Items from a data source
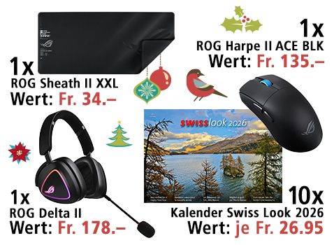 Im Adventskalender 2025 verlosen die Kollegen vom PCtipp auch dieses Jahr wieder tolle Preise. Dazu gehören die 10 Swiss Look 2026-Kalender sowie ein ROG Sheath II XXL Mouse Pad, eine ROG Harpe II Ace Gaming Mouse und ein ROG Delta II Headset.
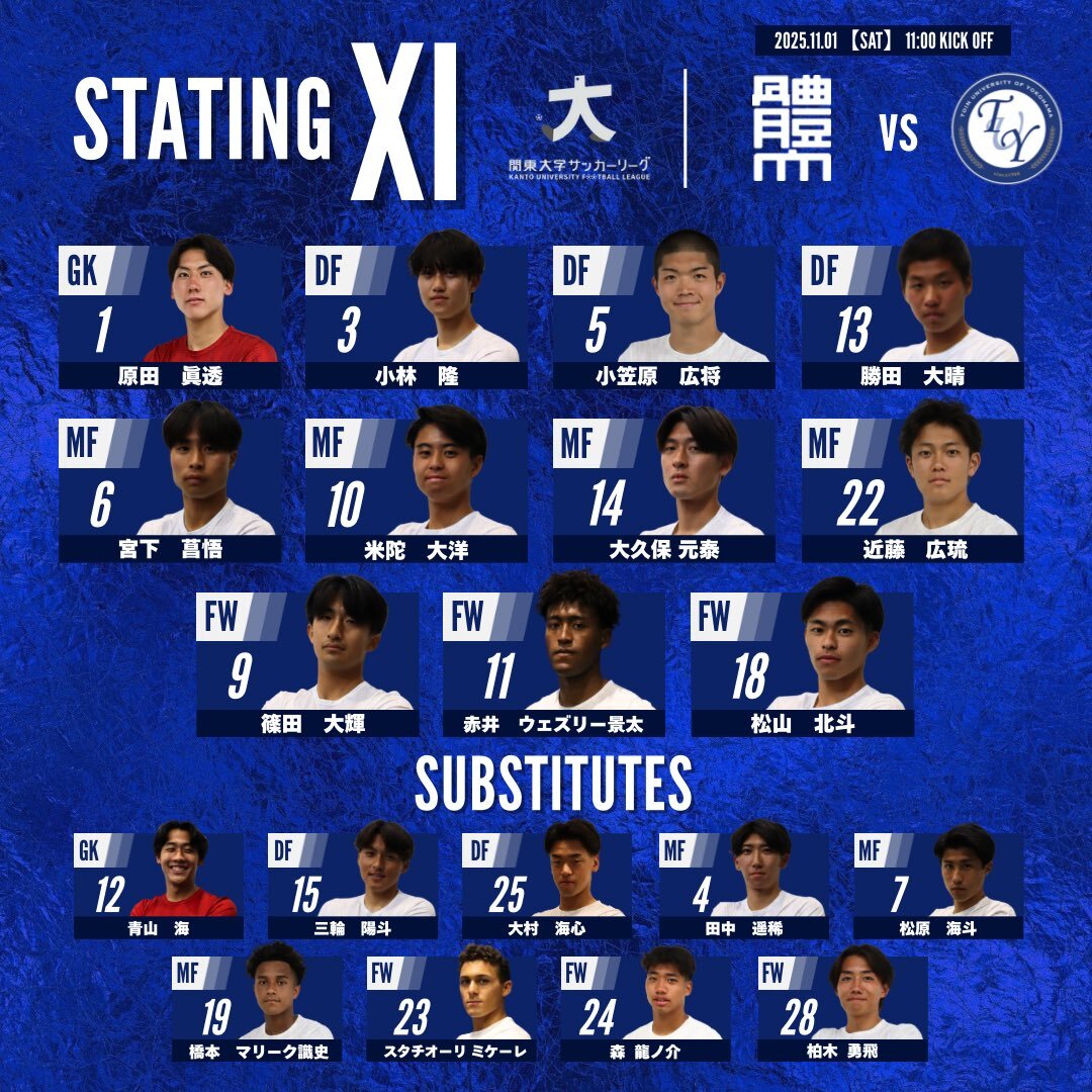 🔹メンバー発表🔹 関東リーグ 第18節 vs国士舘大学 【𝐒𝐓𝐀𝐑𝐓𝐈𝐍𝐆 𝐗𝐈】 #原田眞透 #小林隆 #小笠原広将 #勝田大晴 #宮下菖悟 #米陀大洋 #松山北斗 #橋本マリーク識史 #田中遥稀 #篠田大輝 #赤井ウェズリー景太 応援よろしくお願いします🦁💙 #日本体育大学 #関東大学サッカーリーグ
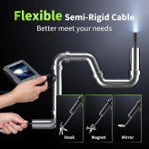 کابل نیمهسخت ۵ تا ۱۰ متری (بسته به مدل)، انعطافپذیری لازم برای عبور از مسیرهای خمیده را دارد و در عین حال بهاندازه کافی سفت است تا مسیر موردنظر شما را دنبال کند. این ویژگی باعث میشود دوربین دقیقاً همانجایی حرکت کند که شما میخواهید، و کنترل کامل در حین بازرسی داشته باشید.
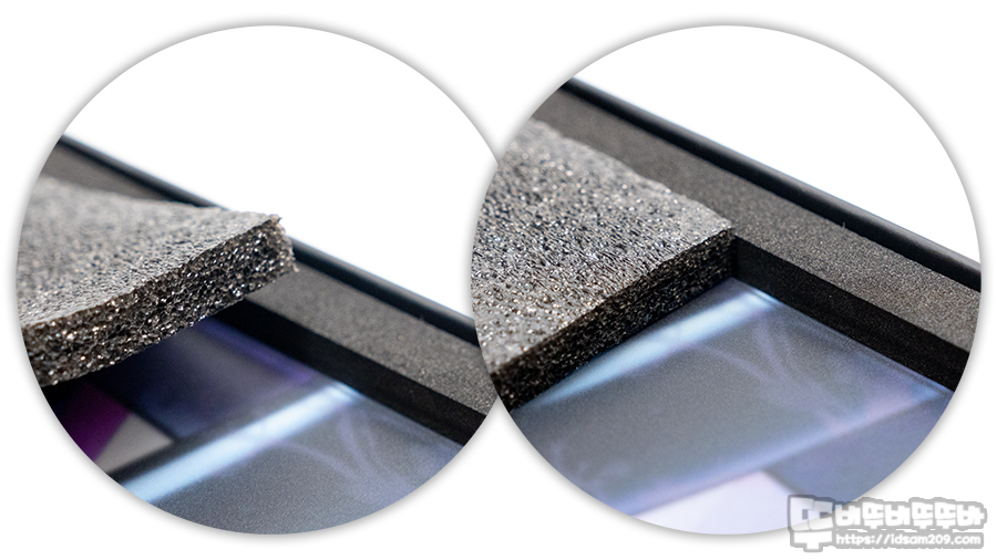두툼한 하드 패키지는 견고하게 밀봉 처리되어 있으며 패키지를 오픈하면 발포 스펀지 틀에 딱 맞게 포장된 강화유리 패드를 마주하게 되는데 사진을 찍어놓고 보니 마치 액자에 담긴 사진 느낌이 드네요.
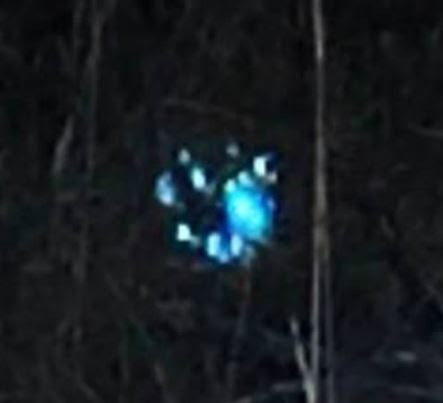 I read your blog daily. The attached photos are from my best friend. On a weekend back in October 2016, she went to the Headwaters Outdoor School in the Mount Shasta area with friends. The First Nations people in that area call this area a vortex or portal. She enjoyed her weekend and took some photos of the area. I guess what she captured in these photos might be called a "Will o' the Wisp." So in the first shot of the sun in the pines, there is a small blue orb at the base of the tree. When blown up, look at these little things. What the heck are they?

PROMPT:
Write out again exactly the lines from the start of the data above through the line containing "応援よろしくお願いします🦁💙 #日本体育大学 #関東大学サッカーリーグ", inclusive, excluding any pictures.

RESULT OF THIS TASK:
 Im Adventskalender 2025 verlosen die Kollegen vom PCtipp auch dieses Jahr wieder tolle Preise. Dazu gehören die 10 Swiss Look 2026-Kalender sowie ein ROG Sheath II XXL Mouse Pad, eine ROG Harpe II Ace Gaming Mouse und ein ROG Delta II Headset.
 🔹メンバー発表🔹 関東リーグ 第18節 vs国士舘大学 【𝐒𝐓𝐀𝐑𝐓𝐈𝐍𝐆 𝐗𝐈】 #原田眞透 #小林隆 #小笠原広将 #勝田大晴 #宮下菖悟 #米陀大洋 #松山北斗 #橋本マリーク識史 #田中遥稀 #篠田大輝 #赤井ウェズリー景太 応援よろしくお願いします🦁💙 #日本体育大学 #関東大学サッカーリーグ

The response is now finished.